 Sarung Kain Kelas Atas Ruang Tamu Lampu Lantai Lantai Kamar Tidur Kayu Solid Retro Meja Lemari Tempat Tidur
- - - -
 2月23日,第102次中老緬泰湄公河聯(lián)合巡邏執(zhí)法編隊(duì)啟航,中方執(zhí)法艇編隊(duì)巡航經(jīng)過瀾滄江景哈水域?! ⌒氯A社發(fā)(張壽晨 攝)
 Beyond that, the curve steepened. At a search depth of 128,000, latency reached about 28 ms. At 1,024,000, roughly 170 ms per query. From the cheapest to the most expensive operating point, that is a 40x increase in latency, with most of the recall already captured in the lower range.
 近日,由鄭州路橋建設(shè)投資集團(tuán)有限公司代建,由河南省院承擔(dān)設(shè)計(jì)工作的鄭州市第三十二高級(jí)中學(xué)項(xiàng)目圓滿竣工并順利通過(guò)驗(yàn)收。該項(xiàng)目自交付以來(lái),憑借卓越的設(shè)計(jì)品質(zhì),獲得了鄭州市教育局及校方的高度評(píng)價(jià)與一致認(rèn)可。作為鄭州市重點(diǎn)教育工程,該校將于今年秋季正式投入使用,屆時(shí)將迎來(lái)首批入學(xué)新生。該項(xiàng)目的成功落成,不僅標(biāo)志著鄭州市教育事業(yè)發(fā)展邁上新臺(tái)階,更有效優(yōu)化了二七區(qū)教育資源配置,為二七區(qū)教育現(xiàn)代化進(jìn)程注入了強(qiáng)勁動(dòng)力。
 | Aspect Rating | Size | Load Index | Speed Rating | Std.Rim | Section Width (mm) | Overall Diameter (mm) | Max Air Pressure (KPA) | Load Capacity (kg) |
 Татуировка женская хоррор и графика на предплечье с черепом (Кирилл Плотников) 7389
- - - -
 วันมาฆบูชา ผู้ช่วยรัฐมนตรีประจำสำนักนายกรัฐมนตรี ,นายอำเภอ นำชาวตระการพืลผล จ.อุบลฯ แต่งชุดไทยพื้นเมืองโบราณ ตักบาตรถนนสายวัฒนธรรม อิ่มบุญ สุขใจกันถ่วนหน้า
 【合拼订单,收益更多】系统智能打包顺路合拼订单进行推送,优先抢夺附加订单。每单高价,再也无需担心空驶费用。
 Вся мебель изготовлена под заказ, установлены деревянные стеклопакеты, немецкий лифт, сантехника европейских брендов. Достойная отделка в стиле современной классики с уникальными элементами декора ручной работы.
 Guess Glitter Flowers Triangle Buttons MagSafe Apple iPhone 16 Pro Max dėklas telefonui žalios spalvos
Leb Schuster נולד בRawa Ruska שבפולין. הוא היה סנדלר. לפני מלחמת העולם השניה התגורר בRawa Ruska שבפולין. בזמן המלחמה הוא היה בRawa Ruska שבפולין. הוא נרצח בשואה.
- - - -
Write down again, exactly as given, only the lines above that fall from the line with "Beyond that, the" to the line with "Татуировка женская хоррор", inclusive.

 Beyond that, the curve steepened. At a search depth of 128,000, latency reached about 28 ms. At 1,024,000, roughly 170 ms per query. From the cheapest to the most expensive operating point, that is a 40x increase in latency, with most of the recall already captured in the lower range.
 近日,由鄭州路橋建設(shè)投資集團(tuán)有限公司代建,由河南省院承擔(dān)設(shè)計(jì)工作的鄭州市第三十二高級(jí)中學(xué)項(xiàng)目圓滿竣工并順利通過(guò)驗(yàn)收。該項(xiàng)目自交付以來(lái),憑借卓越的設(shè)計(jì)品質(zhì),獲得了鄭州市教育局及校方的高度評(píng)價(jià)與一致認(rèn)可。作為鄭州市重點(diǎn)教育工程,該校將于今年秋季正式投入使用,屆時(shí)將迎來(lái)首批入學(xué)新生。該項(xiàng)目的成功落成,不僅標(biāo)志著鄭州市教育事業(yè)發(fā)展邁上新臺(tái)階,更有效優(yōu)化了二七區(qū)教育資源配置,為二七區(qū)教育現(xiàn)代化進(jìn)程注入了強(qiáng)勁動(dòng)力。
 | Aspect Rating | Size | Load Index | Speed Rating | Std.Rim | Section Width (mm) | Overall Diameter (mm) | Max Air Pressure (KPA) | Load Capacity (kg) |
 Татуировка женская хоррор и графика на предплечье с черепом (Кирилл Плотников) 7389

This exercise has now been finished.